The number of core genera at 10% | 75% ranged from 0 (palatine tonsils, saliva, subgingival plaque, and supragingival plaque) to 2 (keratinized gingiva and anterior nares). However the majority of body habitats only consisted of 1 core genus. At 1% | 80%, the number of identified core taxa increased more rapidly for oral and stool regions, while vaginal regions remained constant at 1 core genus. This pattern of either rapid or almost no increase in core genera followed suit through the cutoffs of 0.1% | 85% and 0.01% | 90%, as well. At 0.01% | 90%, the vaginal body habitats of mid vagina and posterior fornix, maintained a core genus count of 1, but saliva and subgingival plaque reached significantly higher core genera counts of twenty-six and twenty-three, respectively.

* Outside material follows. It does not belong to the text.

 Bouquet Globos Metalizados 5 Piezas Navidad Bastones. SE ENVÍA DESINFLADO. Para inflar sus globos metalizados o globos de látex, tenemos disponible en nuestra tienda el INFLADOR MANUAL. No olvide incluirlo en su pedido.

The core genera members for 1% | 80% and 10% | 75% are named in Table 2 (Core Family and Genera at 10% | 75% and 1% | 80%). The core genera at 10% | 75% were a subset of the core for those identified at 1% | 80%, and have been identified with bullet glyphs on the left-hand side of the names in Table 2 (The Number of Core Genera and OTUs at Selected Ubiquity and Abundance Cutoffs). At the cutoff of 10% | 75%, Streptococcus was revealed as a core member in the body habitats of buccal mucosa, hard plate, keratinized gingiva, throat and tongue dorsum. Keratinized gingiva also had a second core member of Pasteurellacaeae unclassified. (See “The Core OTUs” section for how the core Pasteurellacaeae unclassified was divided into OTUs.) All skin habitats maintained Propionibacterium in their core, however Corynebacterium was also present when anterior nares was examined. The anterior nares habitat is dissimilar to the other 4 skin habitats, in that it is adjacent to the mucosal membrane of the nasal cavities. Across the 3 vaginal habitats, Lactobacillus was consistently found in each respective core. For the stool habitat, only Bacteroides was considered a core member.

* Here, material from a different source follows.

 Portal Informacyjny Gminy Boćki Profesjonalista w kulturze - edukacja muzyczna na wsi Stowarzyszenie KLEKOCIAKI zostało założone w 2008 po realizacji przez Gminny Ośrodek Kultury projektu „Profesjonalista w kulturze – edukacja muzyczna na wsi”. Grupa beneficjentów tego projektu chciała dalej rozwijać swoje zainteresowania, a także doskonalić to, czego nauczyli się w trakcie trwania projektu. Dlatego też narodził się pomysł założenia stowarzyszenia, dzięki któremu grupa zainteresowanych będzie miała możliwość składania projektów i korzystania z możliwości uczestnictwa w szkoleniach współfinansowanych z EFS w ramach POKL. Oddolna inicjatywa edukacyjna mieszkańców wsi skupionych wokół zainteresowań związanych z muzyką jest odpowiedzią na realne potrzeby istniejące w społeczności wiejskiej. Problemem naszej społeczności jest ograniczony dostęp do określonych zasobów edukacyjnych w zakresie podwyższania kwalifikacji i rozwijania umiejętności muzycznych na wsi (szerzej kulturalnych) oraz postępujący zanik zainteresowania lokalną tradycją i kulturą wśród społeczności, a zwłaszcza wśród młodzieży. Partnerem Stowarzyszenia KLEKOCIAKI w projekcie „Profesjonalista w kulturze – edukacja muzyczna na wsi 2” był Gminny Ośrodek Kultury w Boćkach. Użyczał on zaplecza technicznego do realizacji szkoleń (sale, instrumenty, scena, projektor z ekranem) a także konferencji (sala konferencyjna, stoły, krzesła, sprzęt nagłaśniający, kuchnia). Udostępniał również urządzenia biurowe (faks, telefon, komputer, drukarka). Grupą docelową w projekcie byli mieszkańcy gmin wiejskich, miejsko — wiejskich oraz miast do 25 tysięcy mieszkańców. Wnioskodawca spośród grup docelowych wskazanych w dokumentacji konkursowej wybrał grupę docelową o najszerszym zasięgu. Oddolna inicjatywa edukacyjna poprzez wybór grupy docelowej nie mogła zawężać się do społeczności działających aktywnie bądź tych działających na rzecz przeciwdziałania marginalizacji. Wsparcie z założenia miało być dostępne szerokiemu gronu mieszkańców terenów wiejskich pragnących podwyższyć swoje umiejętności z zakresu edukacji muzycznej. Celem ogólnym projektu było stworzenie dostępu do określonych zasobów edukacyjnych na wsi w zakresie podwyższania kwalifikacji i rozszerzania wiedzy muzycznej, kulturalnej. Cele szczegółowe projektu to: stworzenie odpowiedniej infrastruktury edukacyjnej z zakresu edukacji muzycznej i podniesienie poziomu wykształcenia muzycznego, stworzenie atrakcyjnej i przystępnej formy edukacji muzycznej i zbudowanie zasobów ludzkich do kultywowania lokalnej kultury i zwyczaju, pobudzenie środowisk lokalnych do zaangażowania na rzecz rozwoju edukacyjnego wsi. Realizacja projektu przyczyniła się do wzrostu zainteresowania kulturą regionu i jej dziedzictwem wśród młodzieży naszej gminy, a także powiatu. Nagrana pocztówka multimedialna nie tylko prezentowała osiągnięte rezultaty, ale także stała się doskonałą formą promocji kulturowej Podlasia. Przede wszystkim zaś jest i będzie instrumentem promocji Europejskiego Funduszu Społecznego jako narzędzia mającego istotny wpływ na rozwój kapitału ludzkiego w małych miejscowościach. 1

At 1% | 80%, the number of core members in oral and stool habitats increased several fold. Of the 9 oral habitats, Pasteurellaceae unclassified and Streptococcus were identified as core genera among them all. Fusobacterium and/or Prevotella were core members in 6 out of the 9 oral habitats, and Veillonella was found in 5 habitats. At this lower abundance cutoff, the skin regions only introduced Corynebacterium or Staphylococcus. Vaginal habitats did not increase their core size, and stool included Ruminoccacae, Clostridiales, Alistipes and Parabacteroides in its core.

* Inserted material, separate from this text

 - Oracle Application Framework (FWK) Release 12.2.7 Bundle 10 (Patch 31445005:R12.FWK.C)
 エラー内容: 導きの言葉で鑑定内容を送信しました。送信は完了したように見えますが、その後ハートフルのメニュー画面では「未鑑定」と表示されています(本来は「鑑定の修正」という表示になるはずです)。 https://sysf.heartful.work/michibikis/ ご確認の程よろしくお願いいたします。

To visualize the relationship between ubiquity and abundance for each taxon, it is useful to plot curves for each taxa as a means of both identifying the starting ubiquity, at the lowest abundance, and characterizing the drop-off of ubiquity, as the abundance cutoff is increased. When all taxa curves are plotted simultaneously in a single figure, context is provided among taxa and the viewer is able to quickly identify taxa of interest. These plots will be referred to as Ubiquity-Abundance (Ub-Ab) plots (Figure 1, Genera Ub-Ab Plots for 4 Body Habitats). For an environment rich in taxonomic diversity, it has been seen that the drop off of taxonomic abundance follows a power-law probability distribution, thus the majority of taxa have vanishing low proportions when below 10% in abundance. Performing the log10 transform on the abundances (x-axis) is critical, since it essentially provides a visual magnification of these low abundant taxa. Body habitats from the same body region tend to have a similar collection of curves, with respect to their clustering, slopes and degrees of inflection. Collectively, these qualitative characteristics which can be discerned with only visual inspection will be referred to as the “signature” for a cohort’s microbiome.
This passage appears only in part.